----- Source data -----

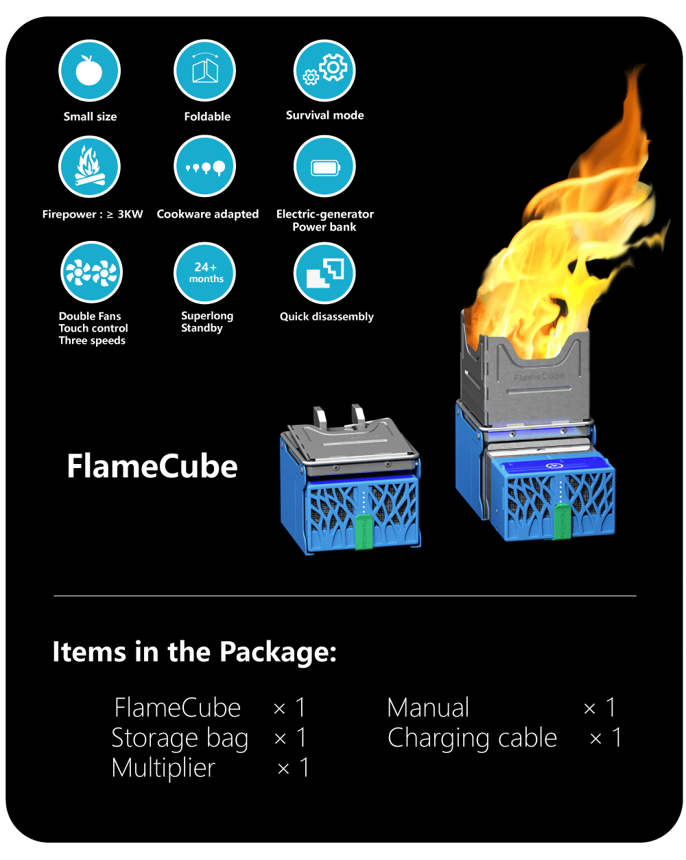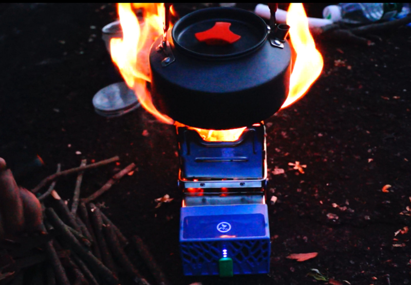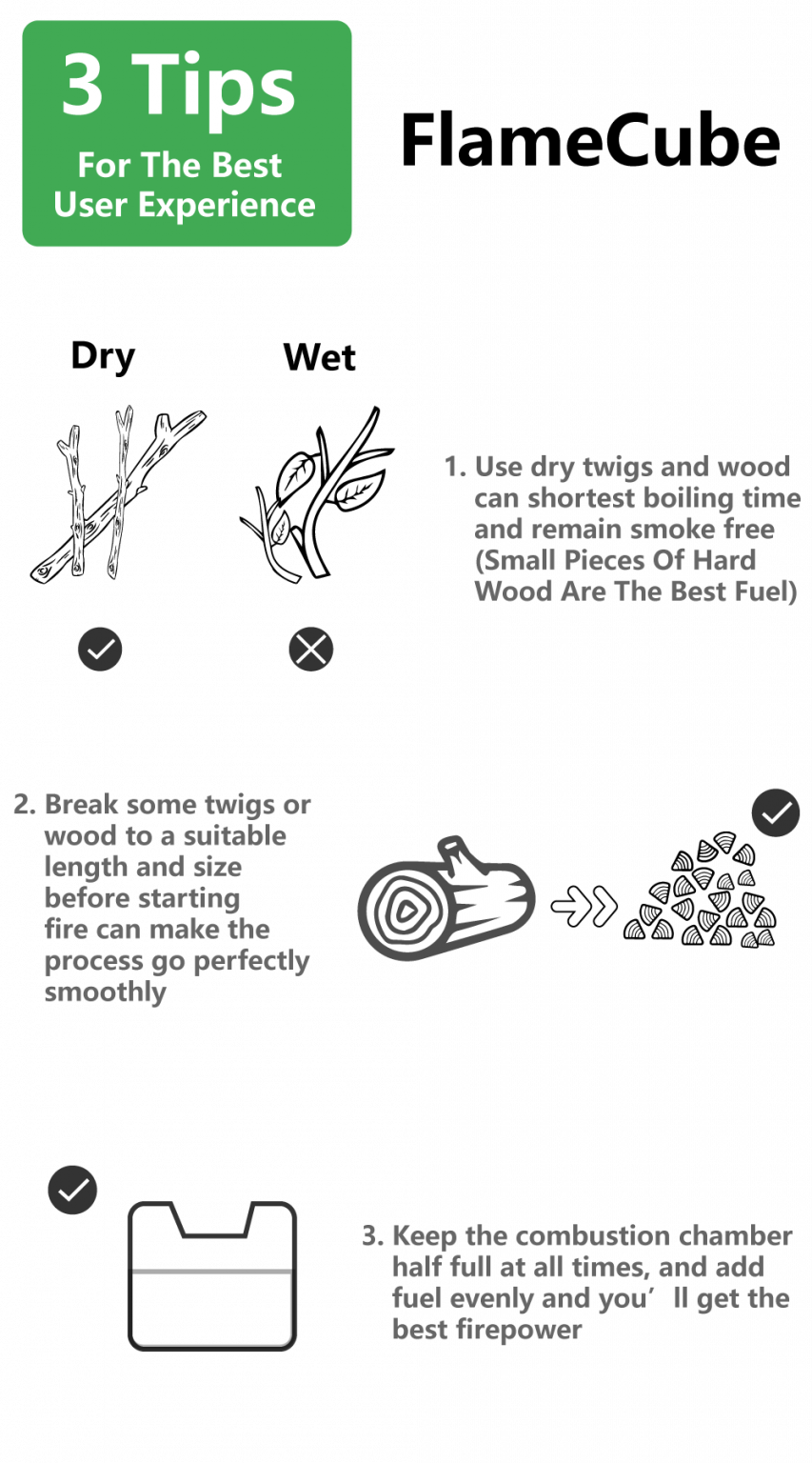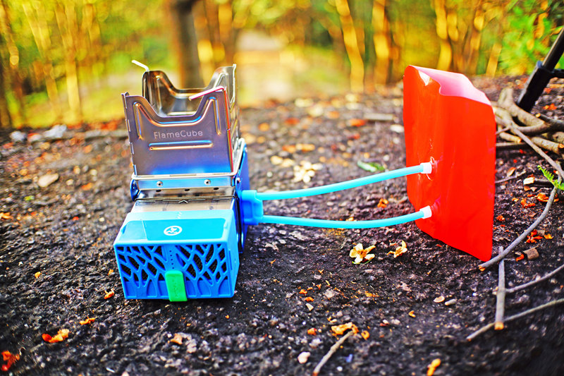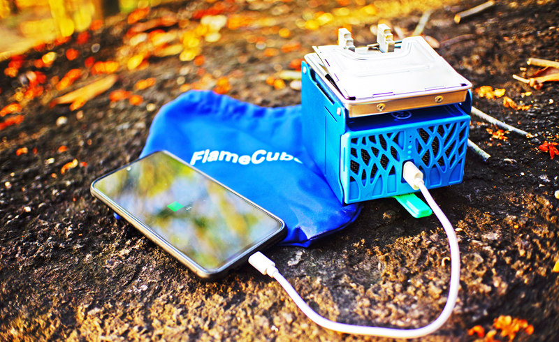 Using twigs, pine cones or other biomass fuel to build a fire. With fire, the thermoelectric generators inside of the FlameCube can turn heat into electricity! Then use a portion of the electricity to power fans , pumping in more fresh air to help the fire burn cleaner and hotter. While most of the electricity to charge phone or stored in a built-in lithium-ion battery of FlameCube.
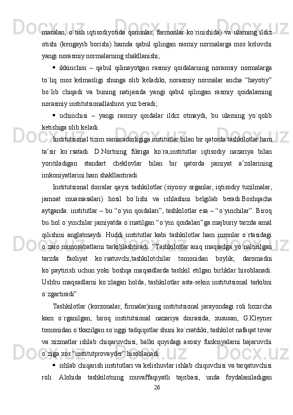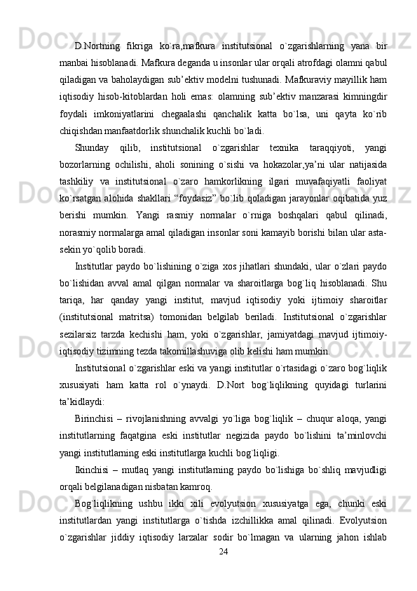 ta’sir   ko`rsatadi.   D.Nortning   fikriga   ko`ra,institutlar   iqtisodiy   nazariya   bilan
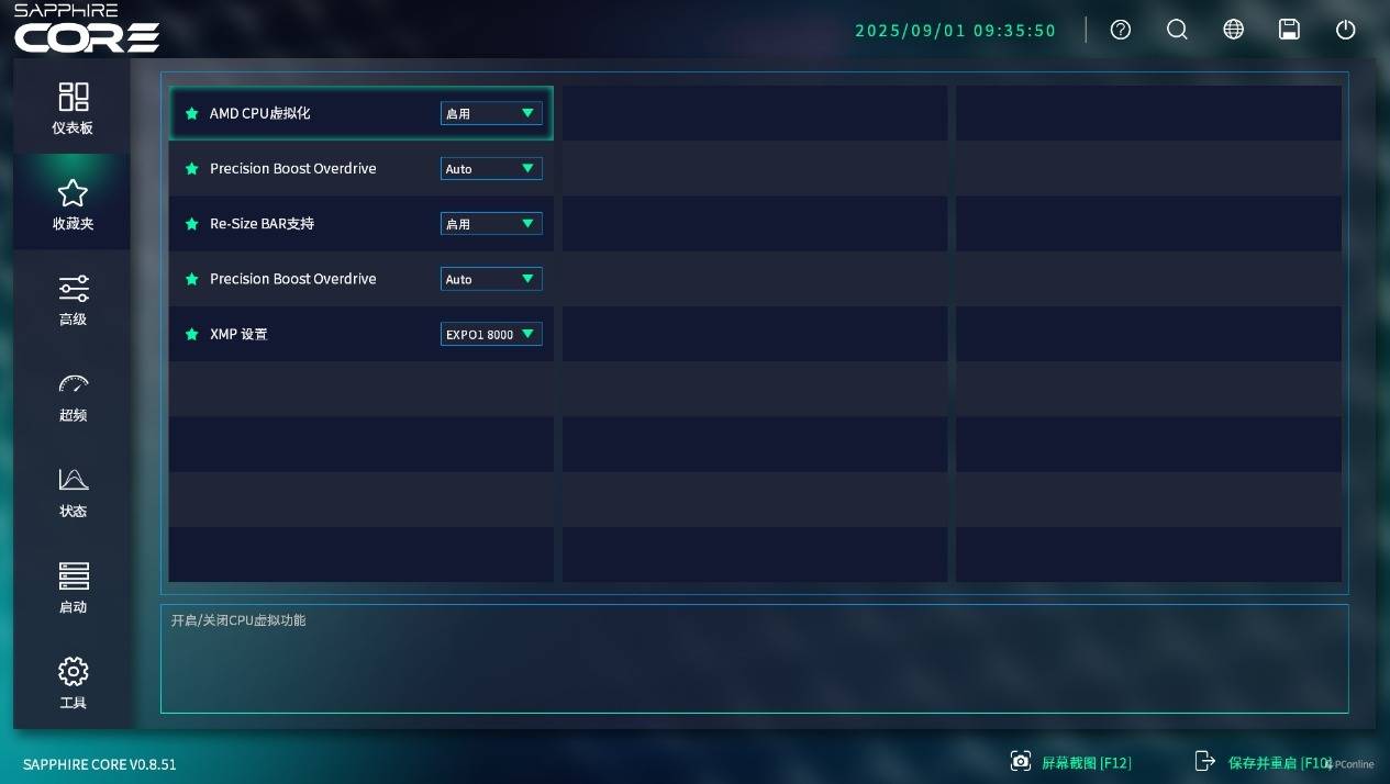 并且现在蓝宝石主板的BIOS也更新了收藏夹功能,单击收藏后,即可在《收藏夹》中即可展示所有收藏过的项目,方便极客大家超频或联动调整。
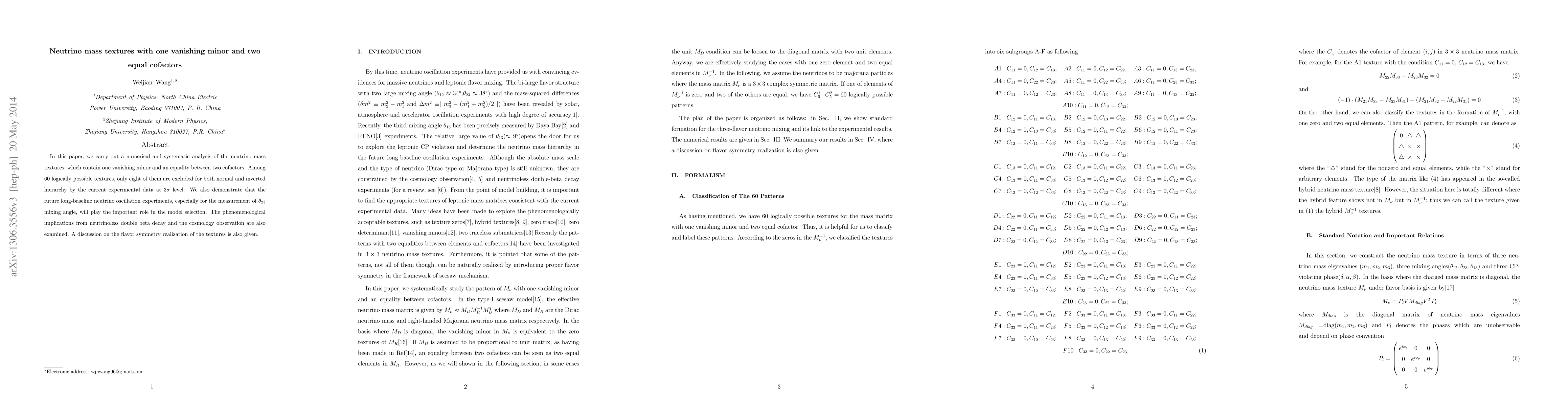 In this paper, we carry out a numerical and systematic analysis of the neutrino mass textures, which contain one vanishing minor and an equality between two cofactors. Among 60 logically possible textures, only eight of them are excluded for both normal and inverted hierarchy by the current experimental data at 3\sigma level. We also demonstrate that the future long-baseline neutrino oscillation experiments, especially for the measurement of \theta 23 mixing angle, will play the important role in the model selection. The phenomenological implications from neutrinoless double beta decay and the cosmology observation are also examined. A discussion on the flavor symmetry realization of the textures is also given.
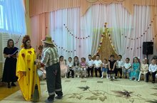 В старшей группе прошел "Осенний бал". К детям в гости пришла красавица Осень и Пугало. Осень детям принесла с собой в корзинке яблочки и листья-загадки. Дети на празднике пели, танцевали, рассказывали стихи, участвовали в играх вместе с Пугало.
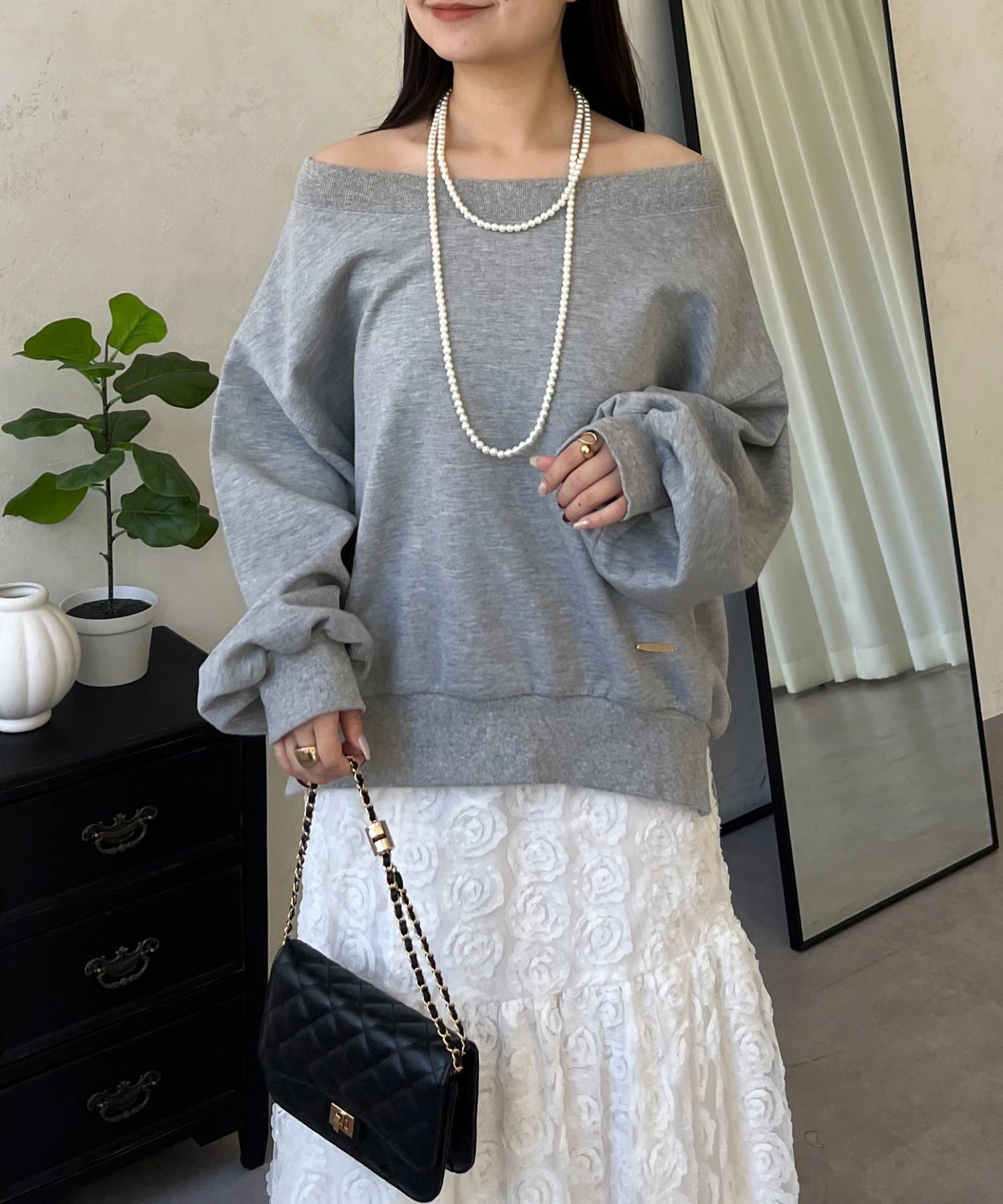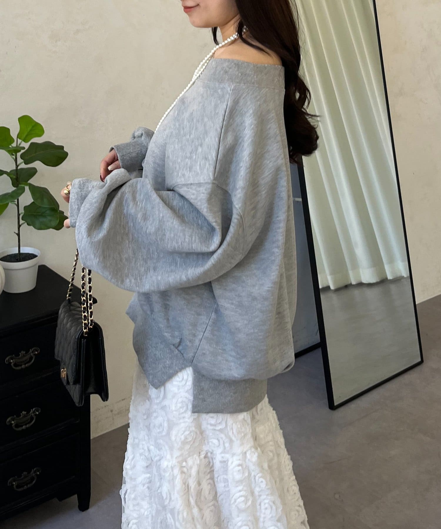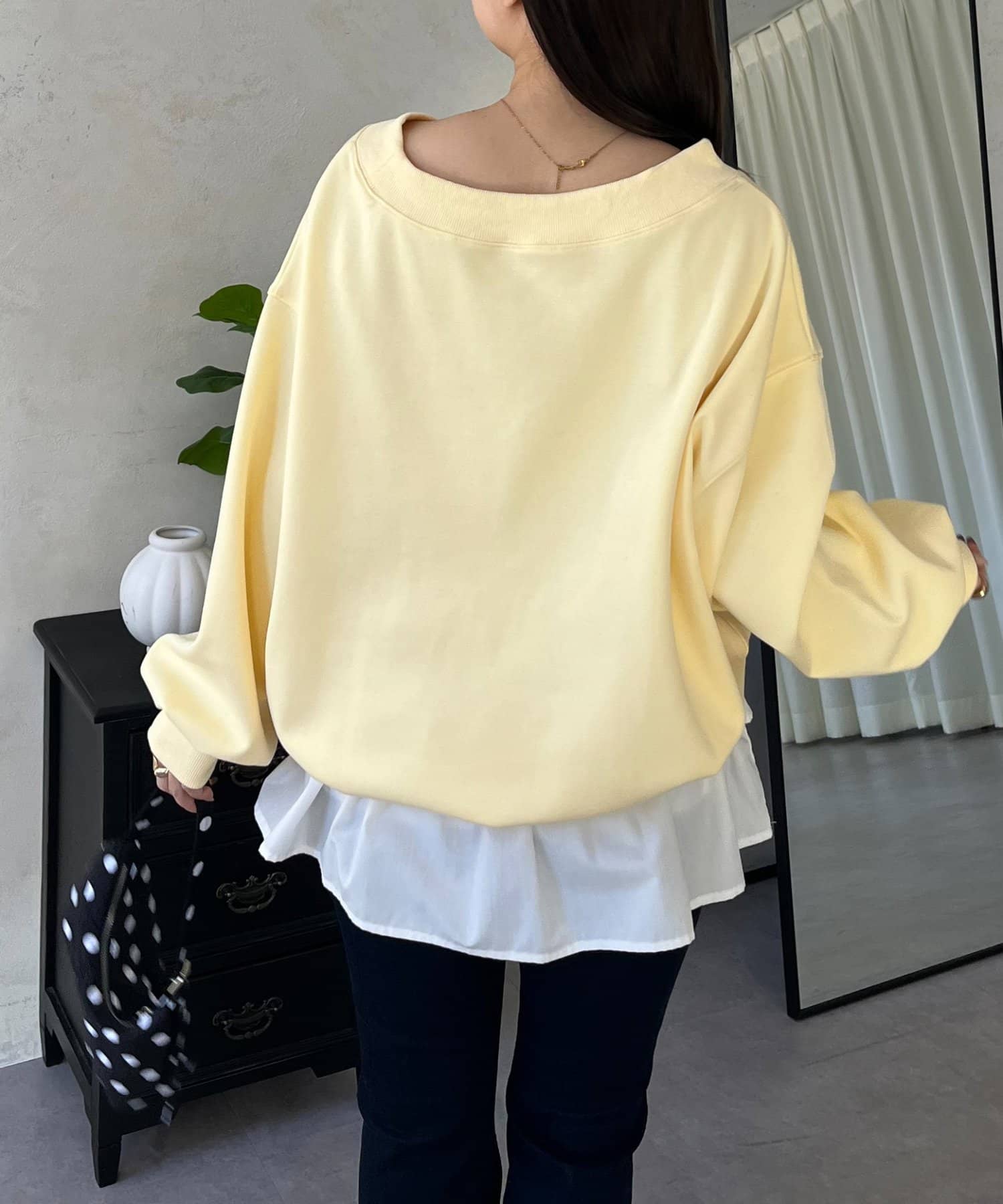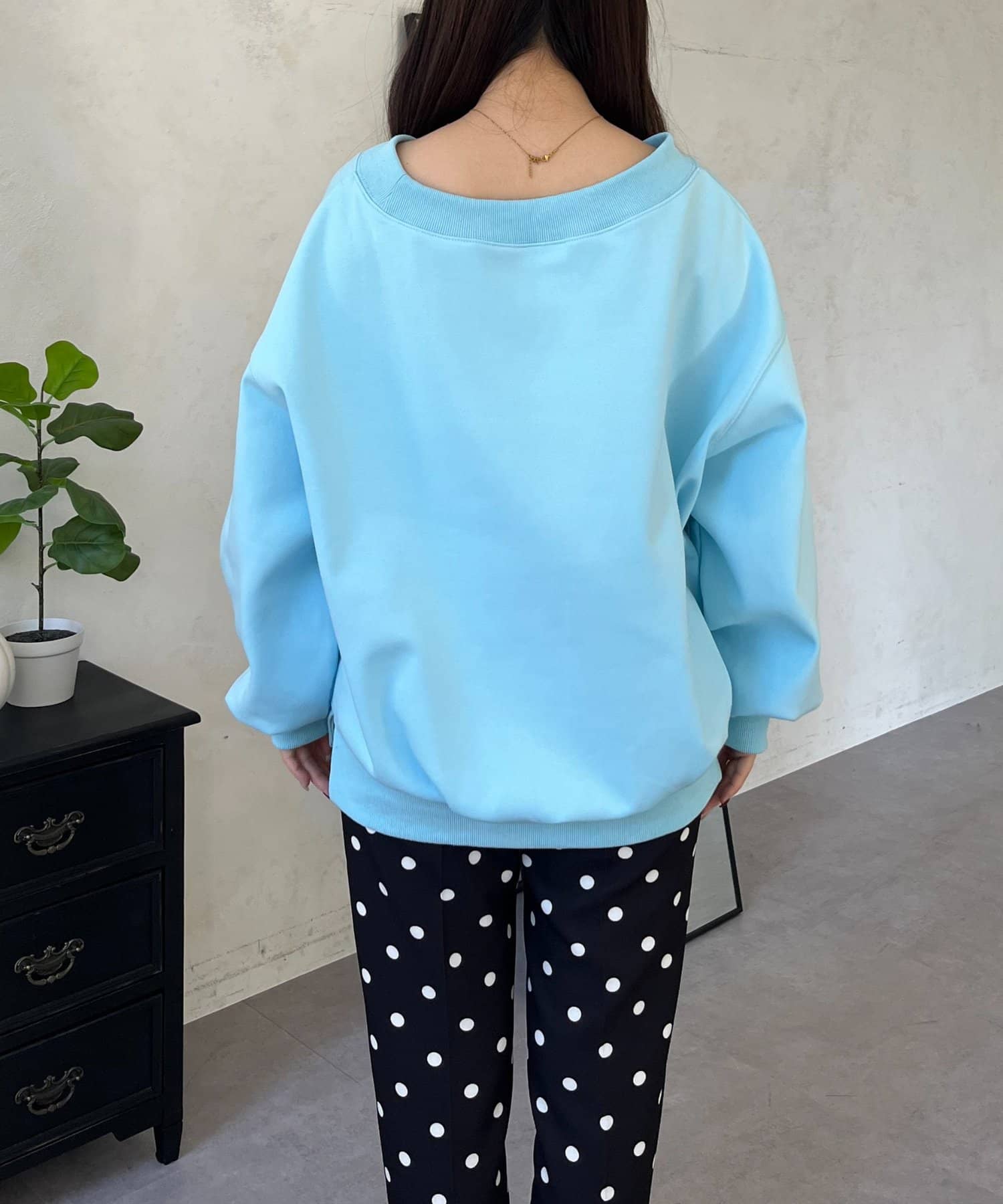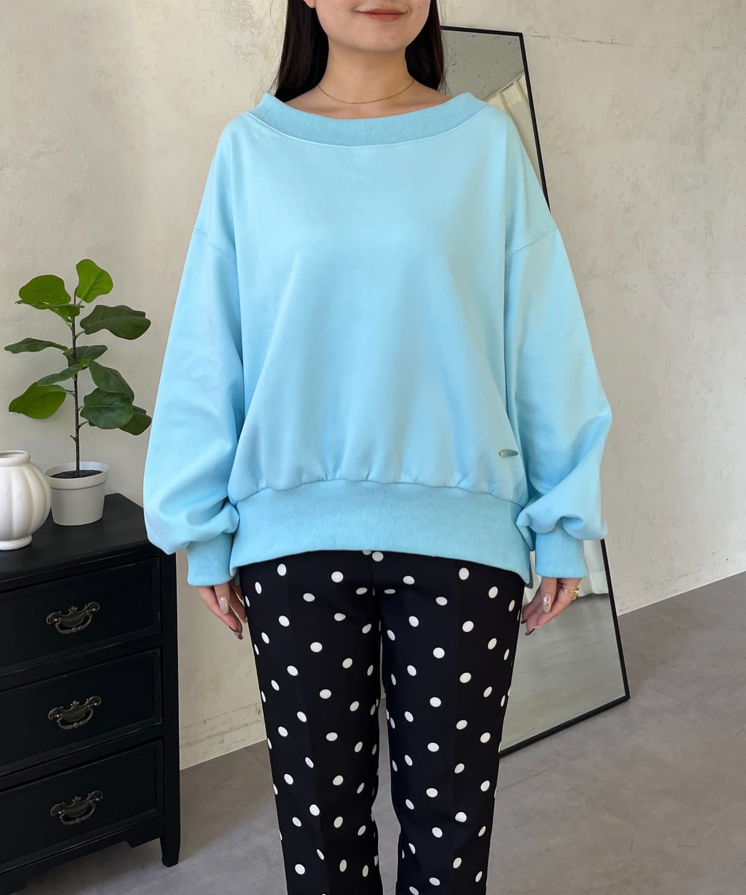●横に広く浅く開いたボートネックが、カジュアルなスウェットに女性らしい上品な印象をプラス

-----

Directions for this task:
Reproduce each entry exactly as given; no pictures, please.

Problem solution:
 Using twigs, pine cones or other biomass fuel to build a fire. With fire, the thermoelectric generators inside of the FlameCube can turn heat into electricity! Then use a portion of the electricity to power fans , pumping in more fresh air to help the fire burn cleaner and hotter. While most of the electricity to charge phone or stored in a built-in lithium-ion battery of FlameCube.
 ta’sir   ko`rsatadi.   D.Nortning   fikriga   ko`ra,institutlar   iqtisodiy   nazariya   bilan
 并且现在蓝宝石主板的BIOS也更新了收藏夹功能,单击收藏后,即可在《收藏夹》中即可展示所有收藏过的项目,方便极客大家超频或联动调整。
 In this paper, we carry out a numerical and systematic analysis of the neutrino mass textures, which contain one vanishing minor and an equality between two cofactors. Among 60 logically possible textures, only eight of them are excluded for both normal and inverted hierarchy by the current experimental data at 3\sigma level. We also demonstrate that the future long-baseline neutrino oscillation experiments, especially for the measurement of \theta 23 mixing angle, will play the important role in the model selection. The phenomenological implications from neutrinoless double beta decay and the cosmology observation are also examined. A discussion on the flavor symmetry realization of the textures is also given.
 В старшей группе прошел "Осенний бал". К детям в гости пришла красавица Осень и Пугало. Осень детям принесла с собой в корзинке яблочки и листья-загадки. Дети на празднике пели, танцевали, рассказывали стихи, участвовали в играх вместе с Пугало.
●横に広く浅く開いたボートネックが、カジュアルなスウェットに女性らしい上品な印象をプラス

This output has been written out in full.